For most projects, Go's approach is sufficient. If you find yourself wishing for JMH-level features, ask whether you actually need them or whether a small wrapper would suffice.

Appendix AA — Suggested practice exercises

Before considering yourself senior-level on this topic:

  1. Establish a noise floor. Run a canary benchmark 30 times on your machine. Compute the relative stddev. Aim for < 3 % with reasonable hygiene (governor=performance, quiet machine).

  2. Write a parallel benchmark. Compare a mutex-protected counter vs an atomic counter. Run with -cpu=1,2,4,8. Observe scaling differences.

  3. Compare two implementations with benchstat. Pick a function with a known optimisation; implement both versions; benchmark; compare with benchstat; quote the result with p-value and n.

  4. Set up CI gating. On a personal project, add a GitHub Action that runs benchmarks and posts a benchstat comparison on PRs. Live with it for a month.

  5. Validate a benchmark against telemetry. Deploy a perf change to a real service; record the predicted improvement; compare against production p99 latency one week later.

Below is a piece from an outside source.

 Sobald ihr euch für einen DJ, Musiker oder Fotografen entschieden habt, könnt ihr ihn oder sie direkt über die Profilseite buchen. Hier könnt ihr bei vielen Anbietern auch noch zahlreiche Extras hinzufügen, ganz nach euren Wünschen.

Investigate any disagreement.

These exercises put the concepts into muscle memory. Without them, the page is a list of abstract rules. With them, you have the experience to apply the rules in unfamiliar situations.

Appendix BB — Where to go from here

You have completed the senior-level material on Go benchmarks. The next steps:

  • Professional page (this section) — institutionalise the discipline as CI infrastructure.
  • Profiling deep dive (separate sections) — pprof, flame graphs, mutex/block profiles.
  • Runtime internals — GC tuning, scheduler behaviour, allocator details.
  • Macro-benchmarking — load testing tools (wrk, hey, k6), service-level latency.
  • Performance debugging — applying microbenchmarks to diagnose specific production issues.

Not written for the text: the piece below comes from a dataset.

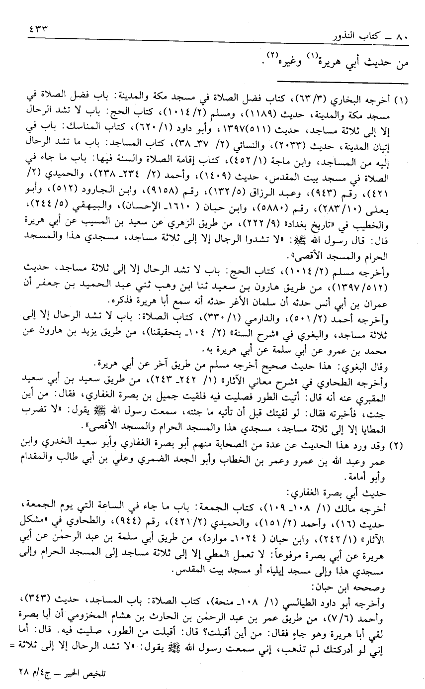 أخرجه ماللك [1/ 108- 109] , كتاب الجمعية: باب ماجاء في الساعة التي يوم الجمعة، حديث [16] , وأحمد [2/ 151] , والحمدي [2/ 421] , رقم [944] , والطحاوي في "مشكل الآثار" [1/ 242] , وابن حبان [1024- موارد] , من الطريق أبي سلمة بن عبد الرحمن عن أبي هريرة عن أبي بصرة مرفوعاً: "لا تعمل المطي إلا إلى ثلاثة مساجد الحرام وإلى مسجدي هذا وإلى مسجد إيلياء أو مسجد بيت المقدس".

Each is a substantial topic. The benchmarking page you just read is the measurement foundation under all of them. Without trustworthy measurements, no other performance work makes sense.

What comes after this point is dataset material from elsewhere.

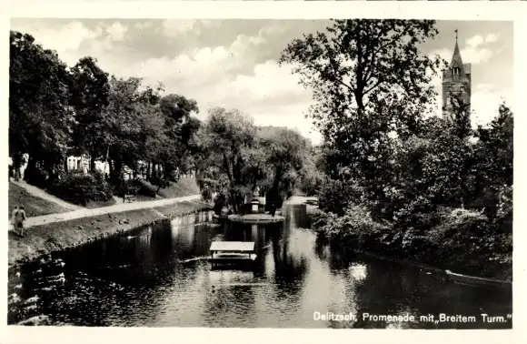 Ak Delitzsch in Sachsen, Promenade, Breiter Turm

The discipline is contagious. Once one engineer on a team starts insisting on benchstat output for perf claims, the team's perf rigour rises. Once a CI gate is in place, regressions become rare. Once production telemetry is paired with benchmark predictions, the team learns which benchmarks predict reality and which do not. The result is a team that can be trusted on performance questions — and that is what senior-level work, on this topic, ultimately produces.